# Decent "Semi-Automatic" setup?



## Deftworks (7 mo ago)

Hi guys, first time poster. I was thinking about jumping up to a semi-automatic setup from straight up hand tools that I have now. Does anybody have any recommendations for something pretty good but doesn't necessarily have to be top of the line? I normally don't do a ton of drywall on a larger scale but I'm doing more of it now and I've got a whole second floor remodel to do and was thinking about investing a little bit. Thanks


----------



## Mjaw (Nov 24, 2020)

Deftworks said:


> Hi guys, first time poster. I was thinking about jumping up to a semi-automatic setup from straight up hand tools that I have now. Does anybody have any recommendations for something pretty good but doesn't necessarily have to be top of the line? I normally don't do a ton of drywall on a larger scale but I'm doing more of it now and I've got a whole second floor remodel to do and was thinking about investing a little bit. Thanks


Depends how much you want to spend?, i have couple sets of boxes, (a bazooka that i never use)


----------



## picks drywall (Apr 13, 2021)

bazooka, pump, roller, glazer, wall boxes. i never liked the angle box much. if your just 1 man it wont pay to mess with tools. imo


----------



## endo_alley (Nov 2, 2013)

"bazooka, pump, roller, glazer, wall boxes. i never liked the angle box much. if your just 1 man it wont pay to mess with tools. imo "
Use a 2.5" angle head for glazing tape. And a 3.5" or 3" for running angles. I consider the angle box the greatest time saver of them all on finishes which need angles run.


----------



## Tonydif (May 8, 2021)

endo_alley said:


> "bazooka, pump, roller, glazer, wall boxes. i never liked the angle box much. if your just 1 man it wont pay to mess with tools. imo "
> Use a 2.5" angle head for glazing tape. And a 3.5" or 3" for running angles. I consider the angle box the greatest time saver of them all on finishes which need angles run.

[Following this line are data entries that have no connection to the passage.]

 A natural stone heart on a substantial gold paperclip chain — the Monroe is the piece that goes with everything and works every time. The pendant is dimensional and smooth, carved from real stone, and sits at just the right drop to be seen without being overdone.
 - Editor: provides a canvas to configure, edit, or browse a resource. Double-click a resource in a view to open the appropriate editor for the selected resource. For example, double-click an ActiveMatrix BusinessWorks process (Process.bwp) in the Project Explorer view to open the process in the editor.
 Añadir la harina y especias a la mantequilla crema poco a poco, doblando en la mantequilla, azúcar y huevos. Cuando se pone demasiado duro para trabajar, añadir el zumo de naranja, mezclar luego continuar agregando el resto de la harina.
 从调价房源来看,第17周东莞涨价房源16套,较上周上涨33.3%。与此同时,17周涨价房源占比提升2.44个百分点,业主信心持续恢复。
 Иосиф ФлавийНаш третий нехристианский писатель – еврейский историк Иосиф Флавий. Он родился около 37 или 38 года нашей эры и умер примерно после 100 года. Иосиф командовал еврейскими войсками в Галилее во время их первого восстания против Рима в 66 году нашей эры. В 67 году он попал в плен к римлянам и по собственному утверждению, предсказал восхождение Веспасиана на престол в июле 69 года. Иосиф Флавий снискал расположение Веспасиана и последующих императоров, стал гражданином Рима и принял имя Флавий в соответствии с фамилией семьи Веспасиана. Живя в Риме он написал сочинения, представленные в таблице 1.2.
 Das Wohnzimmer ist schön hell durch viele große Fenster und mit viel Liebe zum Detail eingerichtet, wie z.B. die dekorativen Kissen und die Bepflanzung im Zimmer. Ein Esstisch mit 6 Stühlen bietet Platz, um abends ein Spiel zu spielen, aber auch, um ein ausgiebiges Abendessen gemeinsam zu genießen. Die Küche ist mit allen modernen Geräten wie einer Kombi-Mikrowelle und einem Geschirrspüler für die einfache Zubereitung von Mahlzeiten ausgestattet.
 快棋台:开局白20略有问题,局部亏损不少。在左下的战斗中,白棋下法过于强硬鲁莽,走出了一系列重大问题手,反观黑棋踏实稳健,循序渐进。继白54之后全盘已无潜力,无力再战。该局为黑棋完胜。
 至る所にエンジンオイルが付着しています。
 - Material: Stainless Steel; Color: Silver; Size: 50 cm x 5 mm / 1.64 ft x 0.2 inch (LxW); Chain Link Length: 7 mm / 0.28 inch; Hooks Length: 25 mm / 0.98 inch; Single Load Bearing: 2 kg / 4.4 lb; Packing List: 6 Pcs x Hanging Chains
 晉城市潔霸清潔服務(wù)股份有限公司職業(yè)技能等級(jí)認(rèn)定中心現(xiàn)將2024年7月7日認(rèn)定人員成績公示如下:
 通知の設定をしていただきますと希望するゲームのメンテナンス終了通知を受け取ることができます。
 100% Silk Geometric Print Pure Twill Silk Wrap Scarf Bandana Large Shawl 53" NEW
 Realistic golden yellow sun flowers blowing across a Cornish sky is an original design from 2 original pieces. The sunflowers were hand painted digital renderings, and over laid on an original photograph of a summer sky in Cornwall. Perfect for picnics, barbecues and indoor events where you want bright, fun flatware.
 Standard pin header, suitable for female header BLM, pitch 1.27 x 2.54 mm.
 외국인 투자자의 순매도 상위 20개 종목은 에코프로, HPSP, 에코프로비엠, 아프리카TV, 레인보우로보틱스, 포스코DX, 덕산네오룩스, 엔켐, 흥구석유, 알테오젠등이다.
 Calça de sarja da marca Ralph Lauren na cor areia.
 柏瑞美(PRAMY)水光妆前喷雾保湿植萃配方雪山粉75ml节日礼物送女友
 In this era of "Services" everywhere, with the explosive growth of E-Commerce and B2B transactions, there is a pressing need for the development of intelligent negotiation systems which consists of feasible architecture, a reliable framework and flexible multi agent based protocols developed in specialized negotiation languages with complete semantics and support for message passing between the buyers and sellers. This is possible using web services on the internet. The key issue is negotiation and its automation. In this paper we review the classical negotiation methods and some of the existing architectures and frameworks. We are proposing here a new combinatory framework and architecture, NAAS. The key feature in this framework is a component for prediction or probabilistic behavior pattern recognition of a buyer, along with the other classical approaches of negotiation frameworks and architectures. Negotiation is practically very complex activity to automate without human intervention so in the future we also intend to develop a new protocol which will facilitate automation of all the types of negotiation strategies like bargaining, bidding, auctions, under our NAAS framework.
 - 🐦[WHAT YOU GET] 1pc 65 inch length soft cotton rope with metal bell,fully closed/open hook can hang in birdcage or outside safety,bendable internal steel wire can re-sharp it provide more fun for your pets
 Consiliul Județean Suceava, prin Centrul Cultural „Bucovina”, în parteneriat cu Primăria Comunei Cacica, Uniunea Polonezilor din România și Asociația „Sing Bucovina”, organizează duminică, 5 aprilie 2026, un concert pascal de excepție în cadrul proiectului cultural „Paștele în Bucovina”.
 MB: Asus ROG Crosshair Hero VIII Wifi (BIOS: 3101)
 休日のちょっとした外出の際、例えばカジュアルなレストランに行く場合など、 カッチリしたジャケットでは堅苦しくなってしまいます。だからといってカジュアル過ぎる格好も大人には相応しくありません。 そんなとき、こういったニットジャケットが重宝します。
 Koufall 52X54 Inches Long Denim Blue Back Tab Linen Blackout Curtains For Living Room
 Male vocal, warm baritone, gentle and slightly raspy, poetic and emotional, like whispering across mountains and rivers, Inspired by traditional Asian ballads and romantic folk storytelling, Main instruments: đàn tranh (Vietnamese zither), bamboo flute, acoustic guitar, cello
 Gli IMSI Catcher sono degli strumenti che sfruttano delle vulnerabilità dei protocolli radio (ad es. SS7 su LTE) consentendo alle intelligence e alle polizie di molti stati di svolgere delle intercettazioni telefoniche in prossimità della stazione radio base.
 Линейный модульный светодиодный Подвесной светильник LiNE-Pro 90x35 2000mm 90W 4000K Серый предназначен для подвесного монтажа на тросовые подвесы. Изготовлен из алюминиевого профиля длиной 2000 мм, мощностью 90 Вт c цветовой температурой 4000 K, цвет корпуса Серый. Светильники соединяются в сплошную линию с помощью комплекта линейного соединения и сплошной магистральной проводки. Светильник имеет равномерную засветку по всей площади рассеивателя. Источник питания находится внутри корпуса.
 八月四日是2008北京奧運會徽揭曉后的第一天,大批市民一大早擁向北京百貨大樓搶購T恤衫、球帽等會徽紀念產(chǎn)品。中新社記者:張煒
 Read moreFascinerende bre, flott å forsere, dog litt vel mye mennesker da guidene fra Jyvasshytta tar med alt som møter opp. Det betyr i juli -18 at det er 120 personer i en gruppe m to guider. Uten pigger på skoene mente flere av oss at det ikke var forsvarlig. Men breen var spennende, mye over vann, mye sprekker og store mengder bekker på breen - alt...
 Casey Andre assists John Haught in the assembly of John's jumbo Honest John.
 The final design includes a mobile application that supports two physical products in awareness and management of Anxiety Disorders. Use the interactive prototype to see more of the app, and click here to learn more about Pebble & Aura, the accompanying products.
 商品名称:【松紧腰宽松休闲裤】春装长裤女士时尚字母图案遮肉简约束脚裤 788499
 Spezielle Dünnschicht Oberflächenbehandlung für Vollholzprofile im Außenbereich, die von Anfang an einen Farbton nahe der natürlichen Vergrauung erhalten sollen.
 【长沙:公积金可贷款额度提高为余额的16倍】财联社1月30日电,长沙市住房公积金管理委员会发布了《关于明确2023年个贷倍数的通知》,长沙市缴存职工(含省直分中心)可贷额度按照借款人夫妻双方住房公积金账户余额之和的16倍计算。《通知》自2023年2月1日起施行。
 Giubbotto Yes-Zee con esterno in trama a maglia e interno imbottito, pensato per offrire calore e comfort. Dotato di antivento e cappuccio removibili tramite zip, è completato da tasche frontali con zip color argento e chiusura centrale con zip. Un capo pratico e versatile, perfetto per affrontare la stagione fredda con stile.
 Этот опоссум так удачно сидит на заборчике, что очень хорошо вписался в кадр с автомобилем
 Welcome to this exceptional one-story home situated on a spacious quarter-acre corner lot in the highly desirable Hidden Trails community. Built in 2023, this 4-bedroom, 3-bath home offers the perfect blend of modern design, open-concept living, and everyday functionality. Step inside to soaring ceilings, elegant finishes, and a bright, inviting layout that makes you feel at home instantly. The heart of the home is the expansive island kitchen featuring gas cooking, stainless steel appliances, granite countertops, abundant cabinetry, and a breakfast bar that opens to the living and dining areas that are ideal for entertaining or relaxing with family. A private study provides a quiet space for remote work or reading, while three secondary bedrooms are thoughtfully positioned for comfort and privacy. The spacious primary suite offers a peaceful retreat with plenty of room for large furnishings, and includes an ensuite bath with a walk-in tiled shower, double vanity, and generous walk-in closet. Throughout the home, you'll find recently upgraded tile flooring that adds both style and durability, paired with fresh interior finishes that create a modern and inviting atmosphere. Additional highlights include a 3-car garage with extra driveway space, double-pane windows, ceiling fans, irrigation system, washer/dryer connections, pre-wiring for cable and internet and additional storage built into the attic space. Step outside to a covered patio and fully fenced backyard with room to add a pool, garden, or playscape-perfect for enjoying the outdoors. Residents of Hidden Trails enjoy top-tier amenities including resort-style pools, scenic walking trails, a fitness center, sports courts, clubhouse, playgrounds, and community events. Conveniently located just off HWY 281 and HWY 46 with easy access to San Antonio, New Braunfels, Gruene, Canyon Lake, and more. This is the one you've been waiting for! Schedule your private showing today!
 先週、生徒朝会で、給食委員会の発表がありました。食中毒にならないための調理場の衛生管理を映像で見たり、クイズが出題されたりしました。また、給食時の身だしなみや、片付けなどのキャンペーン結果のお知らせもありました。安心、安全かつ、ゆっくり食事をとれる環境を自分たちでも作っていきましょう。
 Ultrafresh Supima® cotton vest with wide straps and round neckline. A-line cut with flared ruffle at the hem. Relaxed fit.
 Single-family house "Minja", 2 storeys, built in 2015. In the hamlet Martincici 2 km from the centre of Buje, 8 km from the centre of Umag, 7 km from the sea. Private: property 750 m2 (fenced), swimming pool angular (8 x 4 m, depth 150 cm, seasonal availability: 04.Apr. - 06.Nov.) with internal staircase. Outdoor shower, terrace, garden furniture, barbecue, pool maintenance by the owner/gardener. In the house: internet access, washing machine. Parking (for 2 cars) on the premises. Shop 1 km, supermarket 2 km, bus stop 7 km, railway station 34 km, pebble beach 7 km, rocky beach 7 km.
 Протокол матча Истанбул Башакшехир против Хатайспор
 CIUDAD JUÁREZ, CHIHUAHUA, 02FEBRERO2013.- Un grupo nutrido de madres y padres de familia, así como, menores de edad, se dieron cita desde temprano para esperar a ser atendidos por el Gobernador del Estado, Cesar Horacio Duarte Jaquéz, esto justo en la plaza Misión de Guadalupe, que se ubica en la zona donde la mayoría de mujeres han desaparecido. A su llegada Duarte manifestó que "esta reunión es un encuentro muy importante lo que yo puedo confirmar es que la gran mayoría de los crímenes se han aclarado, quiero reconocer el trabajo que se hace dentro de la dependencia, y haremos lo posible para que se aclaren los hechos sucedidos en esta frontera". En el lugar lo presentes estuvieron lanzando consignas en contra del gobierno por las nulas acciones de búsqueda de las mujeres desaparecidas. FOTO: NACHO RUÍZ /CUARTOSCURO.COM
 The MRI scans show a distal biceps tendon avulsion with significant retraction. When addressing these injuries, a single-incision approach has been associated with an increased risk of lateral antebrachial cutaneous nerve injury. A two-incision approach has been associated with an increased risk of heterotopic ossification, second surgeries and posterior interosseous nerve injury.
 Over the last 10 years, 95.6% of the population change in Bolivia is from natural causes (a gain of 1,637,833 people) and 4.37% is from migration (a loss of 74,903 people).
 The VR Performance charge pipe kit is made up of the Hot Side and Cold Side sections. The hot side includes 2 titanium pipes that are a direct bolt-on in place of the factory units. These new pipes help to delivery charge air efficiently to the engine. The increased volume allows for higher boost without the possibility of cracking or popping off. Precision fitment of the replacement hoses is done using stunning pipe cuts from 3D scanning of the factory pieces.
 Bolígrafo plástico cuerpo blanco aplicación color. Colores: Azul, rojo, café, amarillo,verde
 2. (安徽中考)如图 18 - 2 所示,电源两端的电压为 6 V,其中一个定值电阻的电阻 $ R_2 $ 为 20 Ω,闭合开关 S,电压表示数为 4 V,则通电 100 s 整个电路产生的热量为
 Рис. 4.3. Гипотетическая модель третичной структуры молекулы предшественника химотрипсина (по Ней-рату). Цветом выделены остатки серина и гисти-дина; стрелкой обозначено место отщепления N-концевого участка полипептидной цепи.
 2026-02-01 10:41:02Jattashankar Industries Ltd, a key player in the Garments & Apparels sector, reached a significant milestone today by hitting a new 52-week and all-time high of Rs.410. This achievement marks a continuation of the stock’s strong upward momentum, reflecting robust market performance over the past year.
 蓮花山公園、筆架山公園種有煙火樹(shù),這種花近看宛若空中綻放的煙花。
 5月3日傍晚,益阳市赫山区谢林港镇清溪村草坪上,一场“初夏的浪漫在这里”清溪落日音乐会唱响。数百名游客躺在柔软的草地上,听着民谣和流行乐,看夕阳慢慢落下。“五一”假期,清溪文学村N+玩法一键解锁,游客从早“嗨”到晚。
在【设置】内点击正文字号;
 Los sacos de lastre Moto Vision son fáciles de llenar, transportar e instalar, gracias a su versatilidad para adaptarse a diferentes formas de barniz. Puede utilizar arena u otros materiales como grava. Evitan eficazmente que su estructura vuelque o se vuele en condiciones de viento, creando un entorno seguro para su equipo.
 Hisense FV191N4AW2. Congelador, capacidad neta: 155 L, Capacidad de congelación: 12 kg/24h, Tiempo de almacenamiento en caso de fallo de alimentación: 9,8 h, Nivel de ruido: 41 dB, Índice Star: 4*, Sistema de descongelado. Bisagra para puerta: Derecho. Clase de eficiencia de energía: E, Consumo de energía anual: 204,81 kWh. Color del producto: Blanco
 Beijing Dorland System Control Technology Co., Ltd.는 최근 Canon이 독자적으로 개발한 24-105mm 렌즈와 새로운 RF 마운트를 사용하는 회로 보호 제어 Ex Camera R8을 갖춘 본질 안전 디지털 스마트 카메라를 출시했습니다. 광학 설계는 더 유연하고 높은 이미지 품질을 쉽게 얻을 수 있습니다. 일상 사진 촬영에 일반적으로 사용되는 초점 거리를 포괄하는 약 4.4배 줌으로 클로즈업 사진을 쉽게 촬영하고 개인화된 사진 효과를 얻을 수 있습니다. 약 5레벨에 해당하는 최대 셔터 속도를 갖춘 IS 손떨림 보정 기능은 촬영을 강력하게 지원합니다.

What about Angle Box didn't you like?
I'm picking it up more lately because it's easier on shoulder than tube. I'm not good though, make a mess doing bottoms


----------



## endo_alley (Nov 2, 2013)

"What about Angle Box didn't you like?
I'm picking it up more lately because it's easier on shoulder than tube. I'm not good though, make a mess doing bottoms "

I like it. especially with the Columbia assist angle box.


----------